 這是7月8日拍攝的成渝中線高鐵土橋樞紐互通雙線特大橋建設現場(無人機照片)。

-------------------------

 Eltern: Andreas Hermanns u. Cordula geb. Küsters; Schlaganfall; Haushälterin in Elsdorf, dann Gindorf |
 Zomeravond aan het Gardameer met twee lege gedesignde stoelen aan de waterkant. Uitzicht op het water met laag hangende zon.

-------------------------

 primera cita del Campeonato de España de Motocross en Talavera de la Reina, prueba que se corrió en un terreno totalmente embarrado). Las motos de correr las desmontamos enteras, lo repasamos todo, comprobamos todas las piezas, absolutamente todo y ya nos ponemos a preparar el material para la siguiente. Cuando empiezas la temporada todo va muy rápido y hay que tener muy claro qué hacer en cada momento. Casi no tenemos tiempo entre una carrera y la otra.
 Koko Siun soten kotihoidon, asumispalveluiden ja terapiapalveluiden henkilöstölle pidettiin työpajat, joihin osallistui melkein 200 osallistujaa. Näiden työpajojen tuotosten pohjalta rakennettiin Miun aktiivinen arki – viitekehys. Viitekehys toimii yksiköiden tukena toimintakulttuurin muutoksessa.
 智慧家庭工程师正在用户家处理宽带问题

-------------------------

- **Task objective**:
Please write out, exactly as they appear above, only the lines in the stretch from the line with "primera cita del" through the line with "智慧家庭工程师正在用户家处理宽带问题".

- **Result of this task**:
 primera cita del Campeonato de España de Motocross en Talavera de la Reina, prueba que se corrió en un terreno totalmente embarrado). Las motos de correr las desmontamos enteras, lo repasamos todo, comprobamos todas las piezas, absolutamente todo y ya nos ponemos a preparar el material para la siguiente. Cuando empiezas la temporada todo va muy rápido y hay que tener muy claro qué hacer en cada momento. Casi no tenemos tiempo entre una carrera y la otra.
 Koko Siun soten kotihoidon, asumispalveluiden ja terapiapalveluiden henkilöstölle pidettiin työpajat, joihin osallistui melkein 200 osallistujaa. Näiden työpajojen tuotosten pohjalta rakennettiin Miun aktiivinen arki – viitekehys. Viitekehys toimii yksiköiden tukena toimintakulttuurin muutoksessa.
 智慧家庭工程师正在用户家处理宽带问题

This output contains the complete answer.